The Western-backed leader told Ukrainian television late Sunday that he never agreed to the terms announced by French President Francois Hollande at a media event held after summit talks on the crisis in Paris on Friday.
The peace process "must be completed by the end of the year. That is what the (February) agreement says and no one is making any attempts to review it," Poroshenko said.
"The border is a key component of our sovereignty and we are not going to compromise over it," he added.
Hollande said after a four-way meeting that also included Russian President Vladimir Putin and German Chancellor Angela Merkel that the February agreement could not conceivably be implemented by its end-of-year-deadline.
The main sticking point is the date of local elections in Ukraine's eastern separatist provinces of Lugansk and Donetsk.
The shaky truce deal says Russia must cede the entire 400-kilometer (250-mile) stretch of Ukraine's porous eastern frontier the day after those polls are held.
But Hollande told reporters there was insufficient time "to draw up a law, an electoral law that perfectly conforms" to international norms.
He added that the planned elections could take place only 90 days after such legislation is put in place.
The Donetsk insurgents intend to hold their polls on October 18. Their neighbors in separatists Lugansk have their own vote scheduled for November 1.

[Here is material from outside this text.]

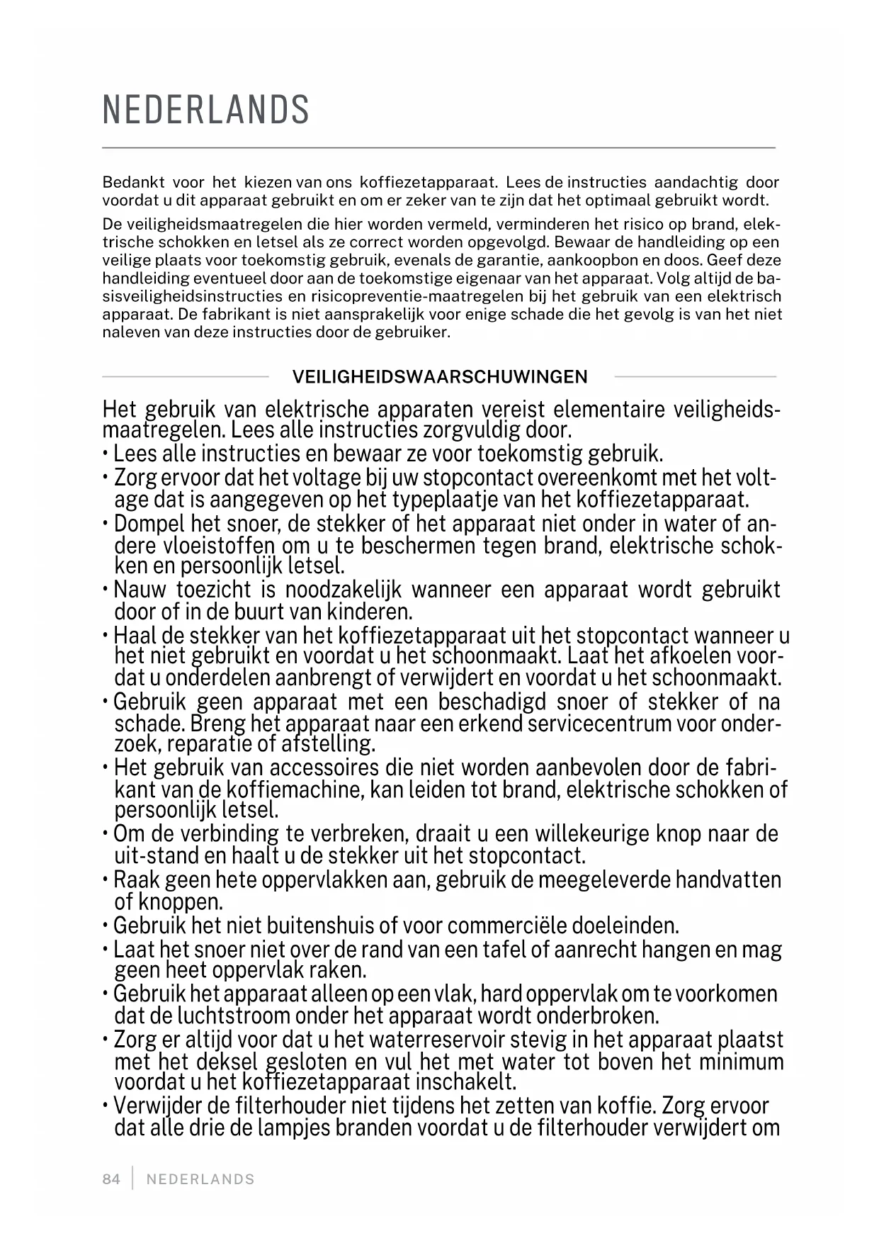 en Mahlgrad. Die drei Bedienfeld- leuchten blinken alternativ. Der Wassertank hat kein Wasser mehr. Wasser in den Vorratsbehälter geben.84 NEDERLANDS NEDERLANDS VEILIGHEIDSWAARSCHUWINGEN Bedankt voor het kiezen van ons kofezetapparaat. Lees de instructies aandachtig door voordat u dit apparaat gebruikt en om er zeker van te zijn dat het optimaal gebruikt wordt. De veiligheidsmaatregelen die hier worden vermeld, verminderen het risico op brand, elek- trische schokken en letsel als ze correct worden opgevolgd. Bewaar de handleiding op een veilige plaats voor toekomstig gebruik, evenals de garantie, aankoopbon en doos. Geef deze handleiding eventueel door aan de toekomstige eigenaar van het apparaat. Volg altijd de ba- sisveiligheidsinstructies en risicopreventie-maatregelen bij het gebruik van een elektrisch apparaat. De fabrikant is niet aansprakelijk voor enige schade die het gevolg is van het niet naleven van deze instructies door de gebruiker. Het gebruik van elektrische apparaten vereist elementaire veiligheids- maatregelen. Lees alle instructies zorgvuldig door.

The insurgents have issued no official comments about Hollande's remarks.
But Russian Foreign Minister Sergei Lavrov said in Moscow on Monday that "the possibility of shifting (the February deal's) deadline was a matter of secondary importance."
"The most important thing is to accomplish what both sides pledged to do," Interfax quoted Lavrov as saying.
The Donetsk militia have already begun preparations for their elections -- a vote that will exclude any person or party that backs Kiev's plans to one day join the European Union and the NATO military alliance.
Ukraine's 18-month revolt has killed more than 8,000 people -- most of them civilians -- and driven about 1.5 million from their homes.
Putin denies backing the insurrections and calls Russian soldiers captured in the war zone off duty or vacationing "volunteers".